The following list may grow, if more articles come to light:
-
Ray Monk, “How the untimely death of RG Collingwood changed the course of philosophy forever,” Prospect, September 5, 2019. I talked about this in the post “Anthropology of Mathematics.”
-
Jonathan Rée, “R.G. Collingwood on the corruption of democracy,” New Humanist, August 30, 2019:
Collingwood … did not believe that philosophy could put people in contact with eternal principles of politics or anything else, and it was for precisely that reason that he deplored fascism and advocated liberalism and democracy.
-
Jonathan Rée, “A Few Home Truths,” London Review of Books, Vol. 36, No. 12, June 19, 2014. On R. G. Collingwood, “An Autobiography” and Other Writings, with Essays on Collingwood’s Life and Work (edited by David Boucher and Teresa Smith, Oxford, 2013):
Both [of Collingwood’s parents] were professional painters, and like their friend and near neighbour John Ruskin they regarded art not as a quest for aesthetic perfection but a joyful inquiry into the inexhaustible variety of the world, closely allied with history, natural science and the arguments of everyday life …

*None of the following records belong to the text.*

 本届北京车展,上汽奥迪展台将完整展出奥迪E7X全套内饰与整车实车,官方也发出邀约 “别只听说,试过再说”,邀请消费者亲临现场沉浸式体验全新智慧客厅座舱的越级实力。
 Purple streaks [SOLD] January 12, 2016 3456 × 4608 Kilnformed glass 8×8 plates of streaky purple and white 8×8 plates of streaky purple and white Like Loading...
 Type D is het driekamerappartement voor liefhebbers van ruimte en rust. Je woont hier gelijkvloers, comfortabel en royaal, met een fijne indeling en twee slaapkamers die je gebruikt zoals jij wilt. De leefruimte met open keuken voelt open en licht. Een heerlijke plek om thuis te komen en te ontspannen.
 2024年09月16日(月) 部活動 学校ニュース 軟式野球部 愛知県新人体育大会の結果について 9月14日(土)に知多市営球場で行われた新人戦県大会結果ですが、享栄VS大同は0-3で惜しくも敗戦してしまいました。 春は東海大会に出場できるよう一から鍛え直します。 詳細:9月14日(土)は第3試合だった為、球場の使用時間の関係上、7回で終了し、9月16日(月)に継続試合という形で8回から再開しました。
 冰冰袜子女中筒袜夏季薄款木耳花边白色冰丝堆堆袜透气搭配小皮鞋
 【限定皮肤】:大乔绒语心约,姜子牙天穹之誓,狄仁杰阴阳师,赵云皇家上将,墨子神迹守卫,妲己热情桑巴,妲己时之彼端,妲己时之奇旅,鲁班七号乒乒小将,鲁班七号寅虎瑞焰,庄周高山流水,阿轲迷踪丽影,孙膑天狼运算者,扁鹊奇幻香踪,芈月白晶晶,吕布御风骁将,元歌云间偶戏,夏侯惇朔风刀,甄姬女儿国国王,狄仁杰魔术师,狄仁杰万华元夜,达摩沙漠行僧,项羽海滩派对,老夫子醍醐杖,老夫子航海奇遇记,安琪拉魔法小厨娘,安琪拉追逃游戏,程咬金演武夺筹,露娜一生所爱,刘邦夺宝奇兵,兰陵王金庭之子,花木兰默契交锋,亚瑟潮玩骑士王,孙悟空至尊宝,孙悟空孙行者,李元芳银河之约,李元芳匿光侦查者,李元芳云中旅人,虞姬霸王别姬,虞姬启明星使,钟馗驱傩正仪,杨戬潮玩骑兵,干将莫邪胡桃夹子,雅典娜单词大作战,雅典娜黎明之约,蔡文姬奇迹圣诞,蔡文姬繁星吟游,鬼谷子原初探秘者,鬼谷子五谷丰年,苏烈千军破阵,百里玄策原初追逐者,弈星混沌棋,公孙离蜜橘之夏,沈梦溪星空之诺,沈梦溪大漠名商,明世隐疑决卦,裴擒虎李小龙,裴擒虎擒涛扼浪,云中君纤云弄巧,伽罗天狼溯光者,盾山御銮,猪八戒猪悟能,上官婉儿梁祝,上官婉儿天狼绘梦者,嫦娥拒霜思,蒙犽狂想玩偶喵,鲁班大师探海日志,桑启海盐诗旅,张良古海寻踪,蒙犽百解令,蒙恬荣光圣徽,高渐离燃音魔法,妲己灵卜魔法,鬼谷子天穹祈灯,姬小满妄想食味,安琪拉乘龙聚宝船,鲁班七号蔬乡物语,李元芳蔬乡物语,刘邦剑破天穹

[Collingwood’s autobiography] leaves you thinking that the literary form best suited to philosophy is not the treatise, the commentary or even the all-conquering academic paper, but the memoir of a seriously thoughtful life.
-
Simon Blackburn, “Being and Time,” The New Republic, April 3, 2010. I have written about this in “Re-enactment,” referring back to “What It Takes.” Blackburn is positive, but misunderstanding (in my opinion, obviously).
-
Mary Beard, “No More Scissors and Paste,” London Review of Books, Vol. 32, No. 6, March 25, 2010. (Added to the list, October 18, 2020.) A review of Fred Inglis, History Man: The Life of R.G. Collingwood, like Blackburn’s article; but Beard is less threatened by Collingwood’s ego. Her theme: like Collingwood himself and other scholars of the man, Inglis ranks Collingwood’s being an historian below his being a philosopher; however,
it is surely crucial that he was a product of the old Oxford ‘Greats’ (that is, classics) course, which focused the last two and a half years of a student’s work on the parallel study of ancient history on the one hand, and ancient and modern philosophy on the other. Most students were much better at one side than the other … Collingwood was not a maverick with two incompatible interests. Given the educational aims of the course, he was a rare success, even if something of a quirky overachiever; his combination of interests was exactly what Greats was designed to promote.
I made that quote without ellipses in “Effectiveness.”
-
Jonathan Rée, “Life after Life,” London Review of Books, Vol. 22, No. 2, January 20, 2000. The best and most thorough of the list, though (inevitably) passing over some things. I shall come back to it.
I prepare this post, goaded by the friend who suggested that I was “a bit fixated on Collingwood.” Responding to Adam Kirsch, “Philosophy in the Shadow of Nazism” (New Yorker, October 19, 2020), I had written that anybody interested in the Vienna Circle or in analytic philosophy in the UK ought to read Collingwood’s 1940 Essay on Metaphysics.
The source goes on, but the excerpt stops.